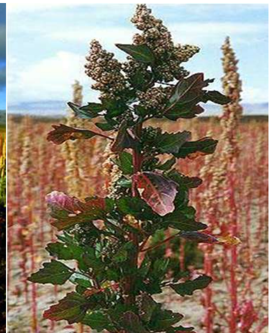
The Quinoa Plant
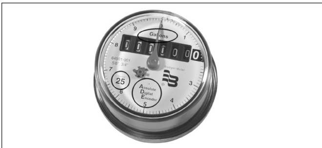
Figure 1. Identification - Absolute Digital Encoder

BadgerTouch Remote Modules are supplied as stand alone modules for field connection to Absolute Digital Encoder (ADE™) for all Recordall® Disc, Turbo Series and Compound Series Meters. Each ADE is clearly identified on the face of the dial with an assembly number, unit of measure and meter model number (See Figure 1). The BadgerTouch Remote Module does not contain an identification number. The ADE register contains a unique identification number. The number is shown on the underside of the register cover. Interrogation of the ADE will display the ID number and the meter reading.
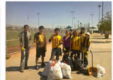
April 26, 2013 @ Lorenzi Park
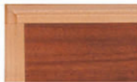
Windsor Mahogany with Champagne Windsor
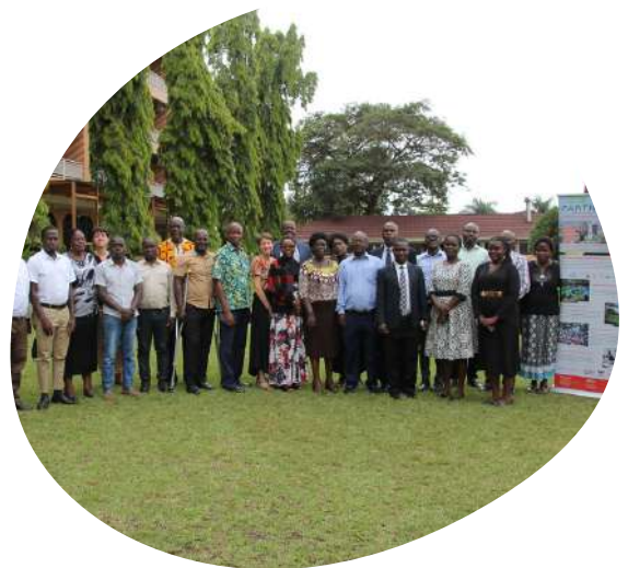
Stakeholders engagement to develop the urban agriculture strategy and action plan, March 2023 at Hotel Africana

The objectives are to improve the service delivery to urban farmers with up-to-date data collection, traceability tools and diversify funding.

...

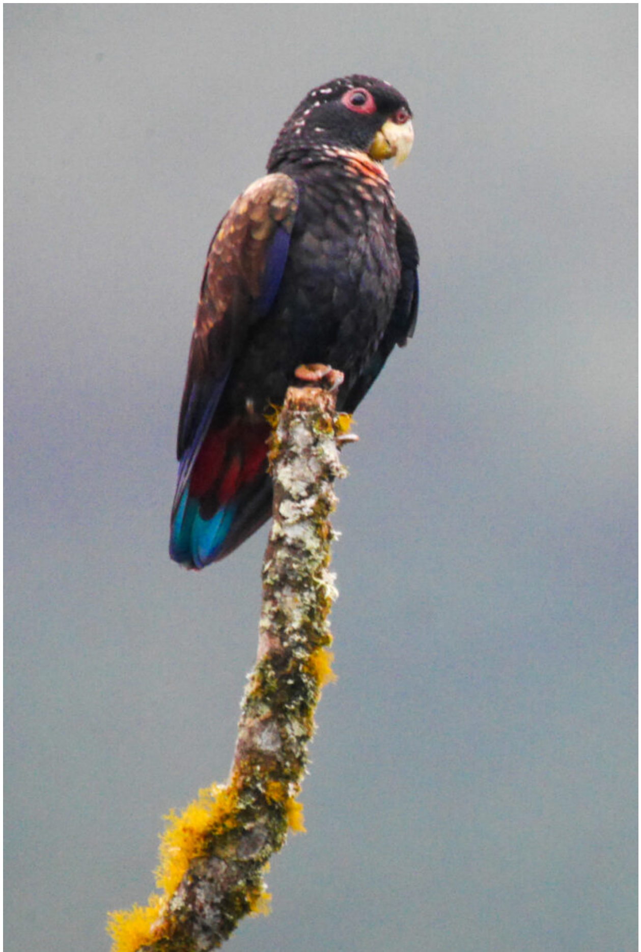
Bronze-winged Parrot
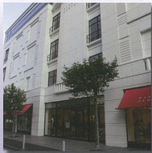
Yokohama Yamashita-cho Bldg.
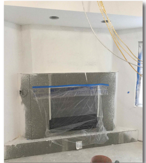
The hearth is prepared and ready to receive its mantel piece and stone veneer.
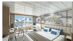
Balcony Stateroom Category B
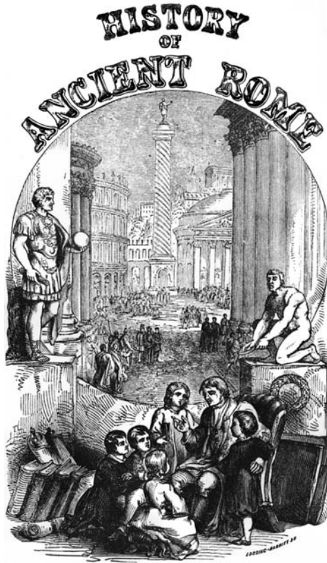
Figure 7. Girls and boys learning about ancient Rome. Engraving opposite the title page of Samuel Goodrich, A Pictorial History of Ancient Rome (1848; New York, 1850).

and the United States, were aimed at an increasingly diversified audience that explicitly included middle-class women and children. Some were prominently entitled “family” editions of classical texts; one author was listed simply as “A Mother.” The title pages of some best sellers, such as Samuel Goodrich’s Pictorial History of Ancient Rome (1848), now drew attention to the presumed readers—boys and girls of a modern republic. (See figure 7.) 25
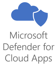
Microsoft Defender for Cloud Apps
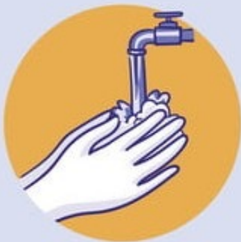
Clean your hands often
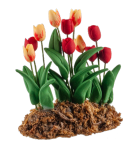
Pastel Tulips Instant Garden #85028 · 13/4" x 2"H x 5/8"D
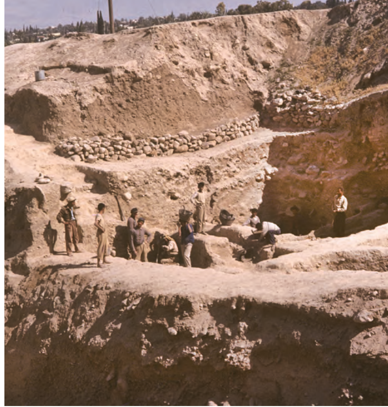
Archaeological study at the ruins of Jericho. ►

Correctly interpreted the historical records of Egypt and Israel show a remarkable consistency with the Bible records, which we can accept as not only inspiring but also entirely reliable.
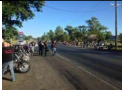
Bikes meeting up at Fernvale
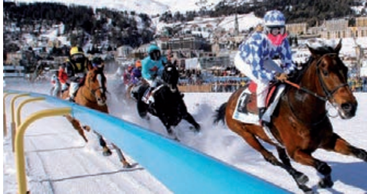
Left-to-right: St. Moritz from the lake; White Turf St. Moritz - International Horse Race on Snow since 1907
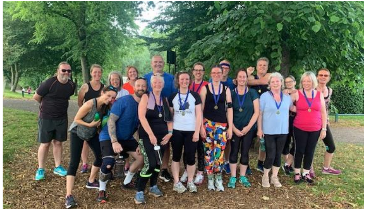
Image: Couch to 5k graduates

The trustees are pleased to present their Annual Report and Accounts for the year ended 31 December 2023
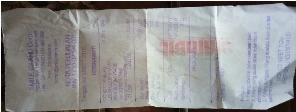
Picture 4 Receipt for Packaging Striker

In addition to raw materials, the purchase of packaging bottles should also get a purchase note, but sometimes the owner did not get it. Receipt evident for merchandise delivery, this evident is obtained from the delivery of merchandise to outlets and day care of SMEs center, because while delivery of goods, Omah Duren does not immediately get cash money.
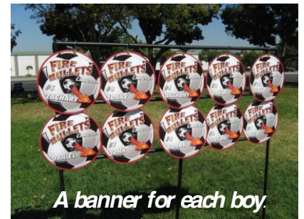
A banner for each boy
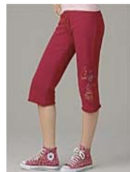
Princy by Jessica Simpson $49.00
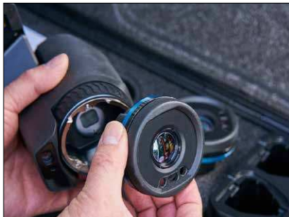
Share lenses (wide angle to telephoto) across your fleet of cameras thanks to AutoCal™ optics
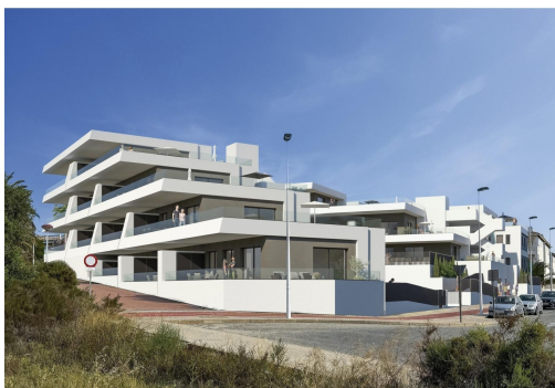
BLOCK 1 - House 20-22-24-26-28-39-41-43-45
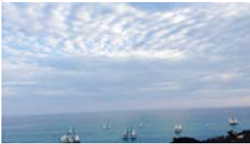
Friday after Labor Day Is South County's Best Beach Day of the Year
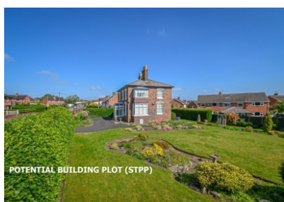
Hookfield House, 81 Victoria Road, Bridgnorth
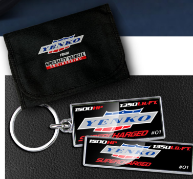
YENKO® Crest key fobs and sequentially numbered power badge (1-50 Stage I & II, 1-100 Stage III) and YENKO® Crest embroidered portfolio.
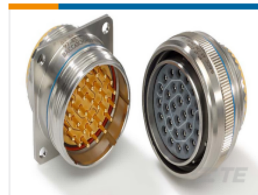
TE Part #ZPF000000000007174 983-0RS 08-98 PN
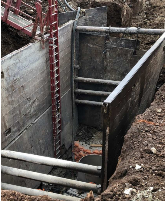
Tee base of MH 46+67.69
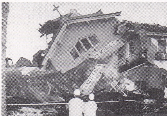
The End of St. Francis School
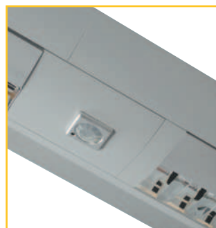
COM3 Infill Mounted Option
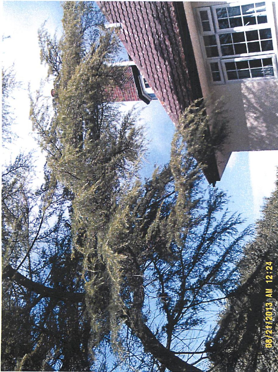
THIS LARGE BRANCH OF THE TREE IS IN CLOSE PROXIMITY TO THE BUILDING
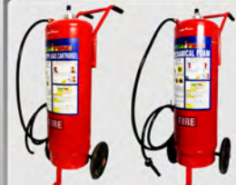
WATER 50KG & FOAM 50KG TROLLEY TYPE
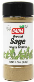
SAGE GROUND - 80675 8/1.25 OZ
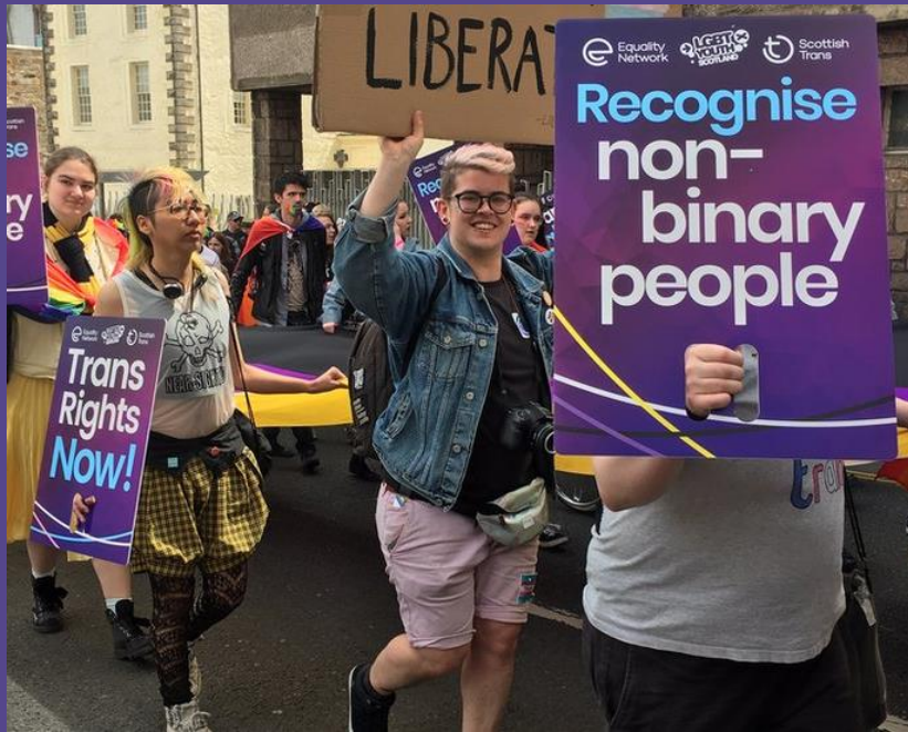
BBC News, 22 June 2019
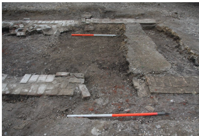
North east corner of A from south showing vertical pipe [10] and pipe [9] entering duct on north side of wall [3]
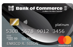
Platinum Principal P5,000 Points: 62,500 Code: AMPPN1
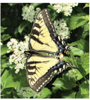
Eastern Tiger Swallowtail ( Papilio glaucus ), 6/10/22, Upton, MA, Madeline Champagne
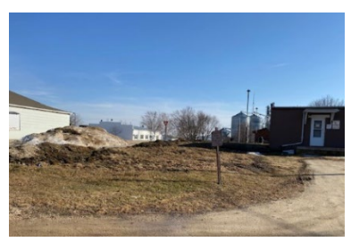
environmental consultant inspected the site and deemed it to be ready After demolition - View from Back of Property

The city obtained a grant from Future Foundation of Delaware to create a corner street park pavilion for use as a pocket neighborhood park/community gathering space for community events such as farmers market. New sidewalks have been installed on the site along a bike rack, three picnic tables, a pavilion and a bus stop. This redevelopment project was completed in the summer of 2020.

---

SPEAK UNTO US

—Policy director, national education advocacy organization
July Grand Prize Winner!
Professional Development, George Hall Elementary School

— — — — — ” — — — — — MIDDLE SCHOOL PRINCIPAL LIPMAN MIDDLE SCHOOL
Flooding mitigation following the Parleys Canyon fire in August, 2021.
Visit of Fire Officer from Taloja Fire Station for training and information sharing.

ABOUT THIS EXERCISE >>
Check every line of the records, and copy the ones that hold the word "ready".

WRITTEN REPLY >>
The hearth is prepared and ready to receive its mantel piece and stone veneer.
environmental consultant inspected the site and deemed it to be ready After demolition - View from Back of Property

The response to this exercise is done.